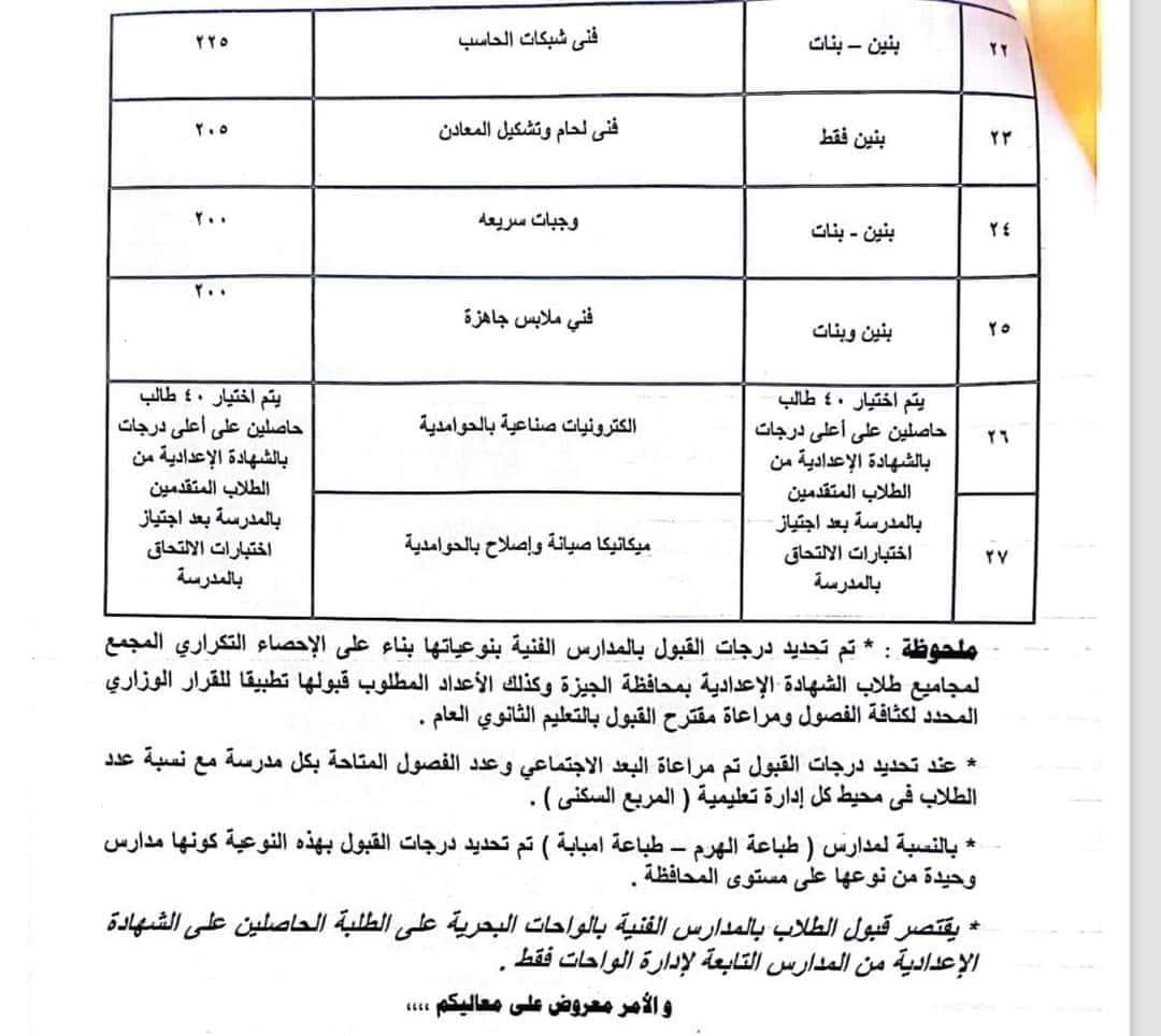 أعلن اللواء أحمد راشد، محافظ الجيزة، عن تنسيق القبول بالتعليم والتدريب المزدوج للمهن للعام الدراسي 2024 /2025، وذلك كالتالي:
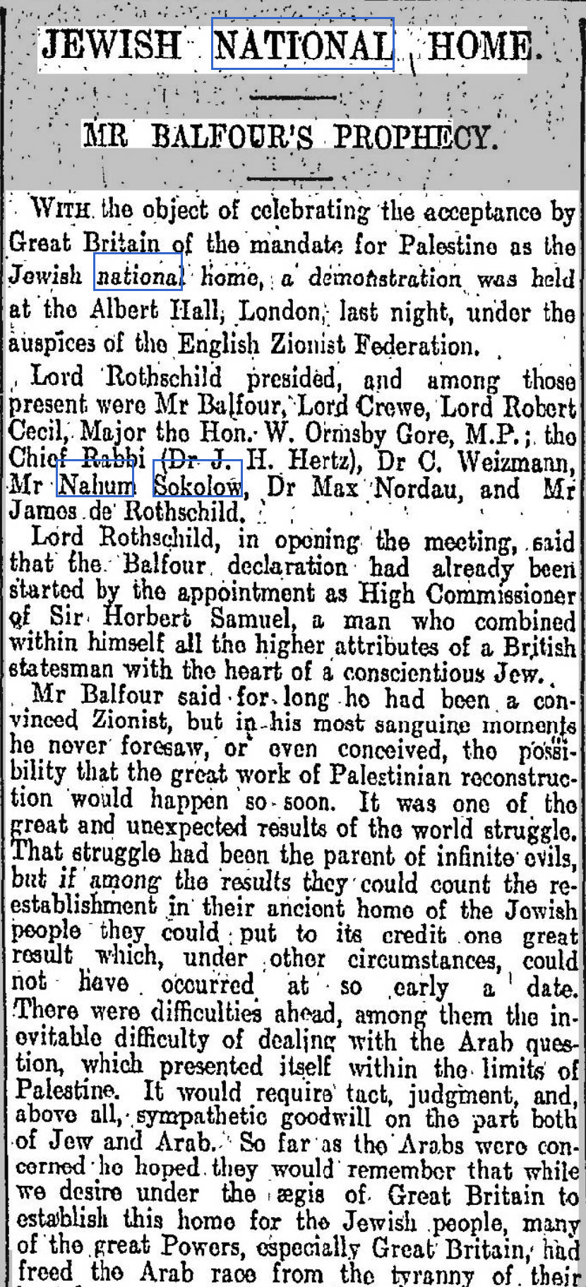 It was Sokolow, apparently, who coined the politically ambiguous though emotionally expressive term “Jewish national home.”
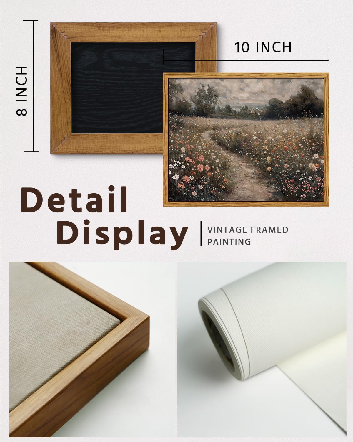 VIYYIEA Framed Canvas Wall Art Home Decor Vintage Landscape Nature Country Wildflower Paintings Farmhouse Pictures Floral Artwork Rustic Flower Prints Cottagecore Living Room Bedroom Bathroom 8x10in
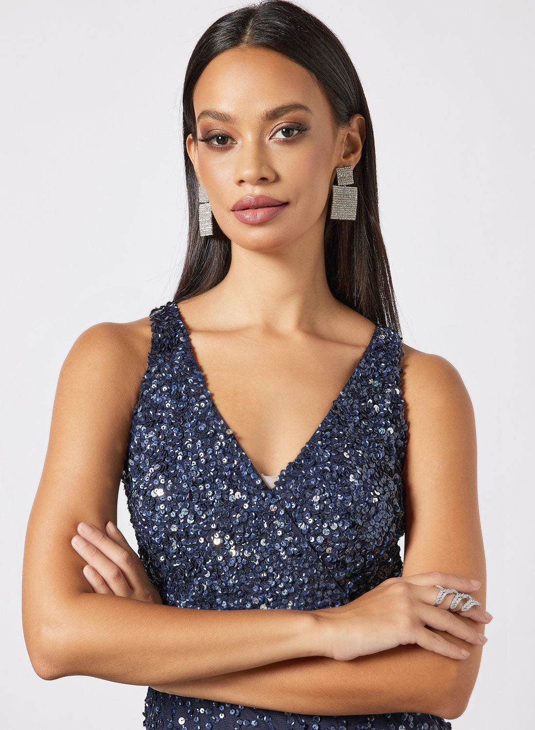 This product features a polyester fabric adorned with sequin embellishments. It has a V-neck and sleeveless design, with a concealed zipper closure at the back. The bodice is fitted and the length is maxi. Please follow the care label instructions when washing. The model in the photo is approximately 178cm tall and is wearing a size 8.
::::
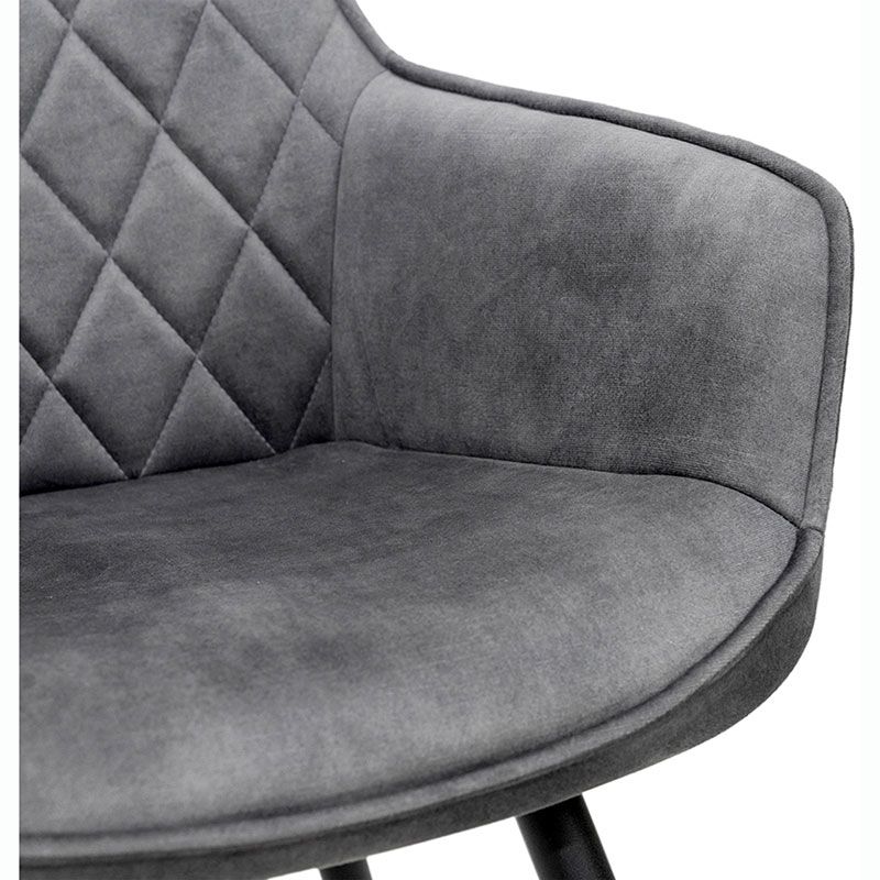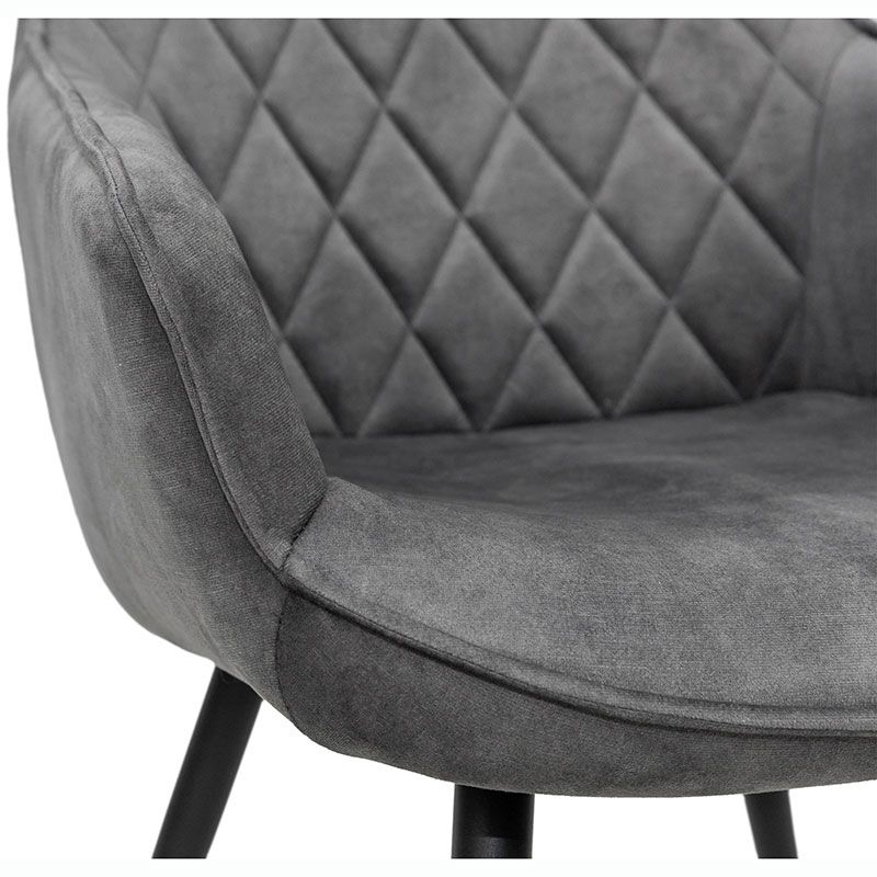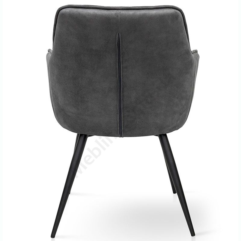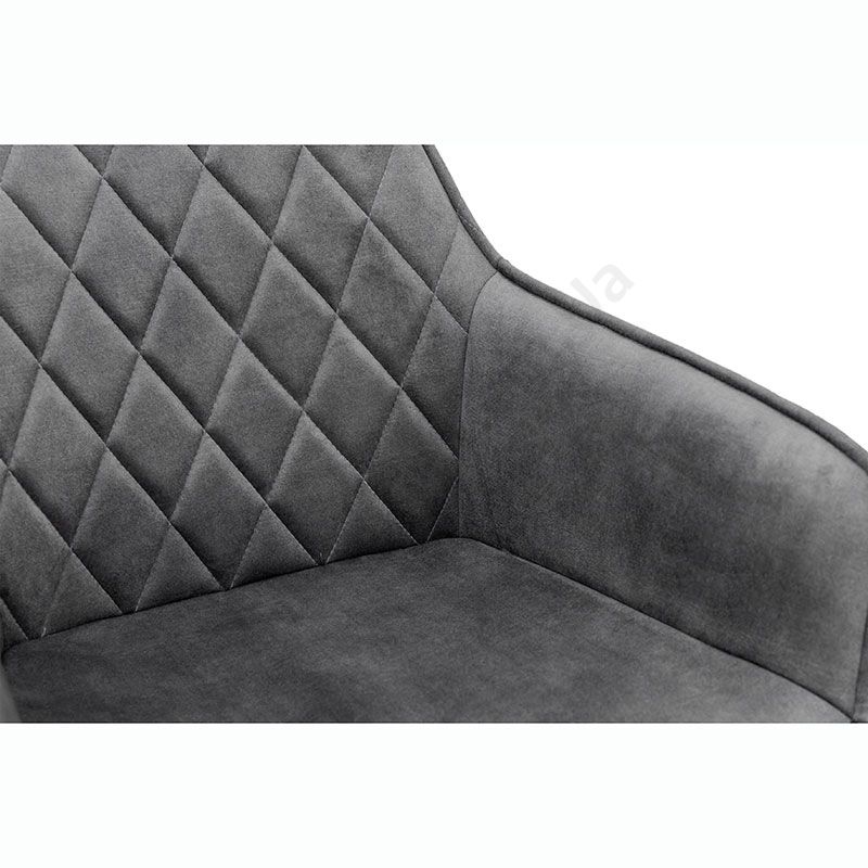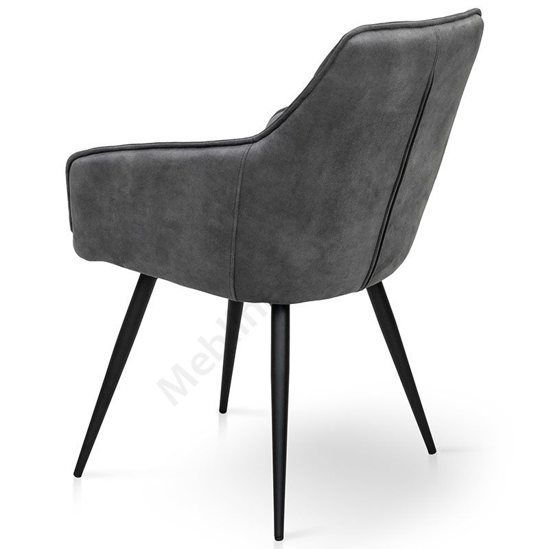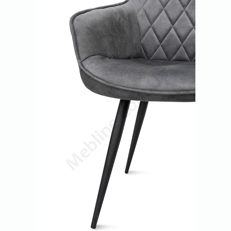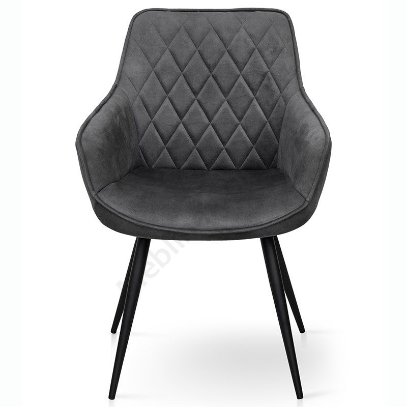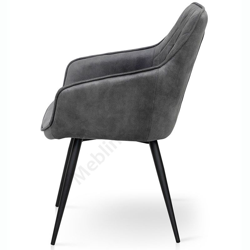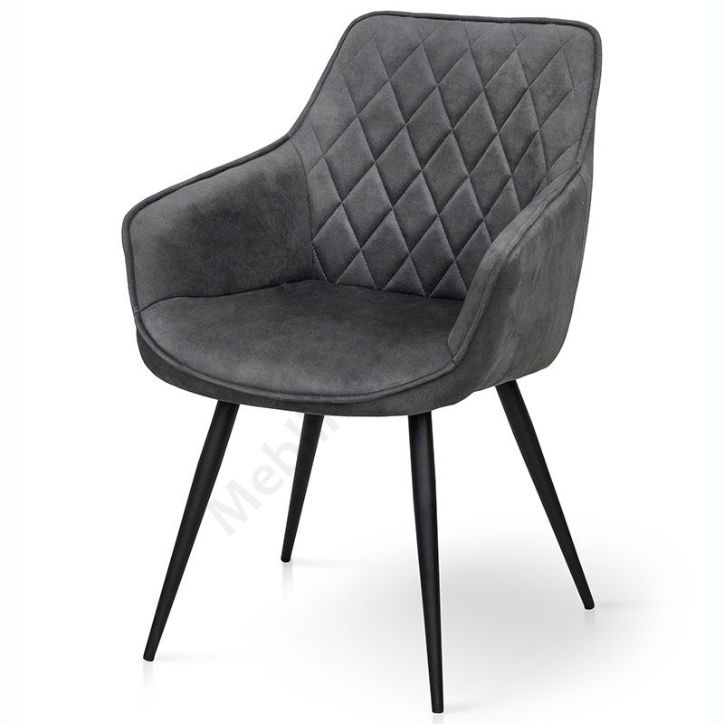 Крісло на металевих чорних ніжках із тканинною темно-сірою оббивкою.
::::
Your answer must be everything above from the line with "أعلن اللواء أحمد" down to the line with "VIYYIEA Framed Canvas", word for word, and no pictures.

 أعلن اللواء أحمد راشد، محافظ الجيزة، عن تنسيق القبول بالتعليم والتدريب المزدوج للمهن للعام الدراسي 2024 /2025، وذلك كالتالي:
 It was Sokolow, apparently, who coined the politically ambiguous though emotionally expressive term “Jewish national home.”
 VIYYIEA Framed Canvas Wall Art Home Decor Vintage Landscape Nature Country Wildflower Paintings Farmhouse Pictures Floral Artwork Rustic Flower Prints Cottagecore Living Room Bedroom Bathroom 8x10in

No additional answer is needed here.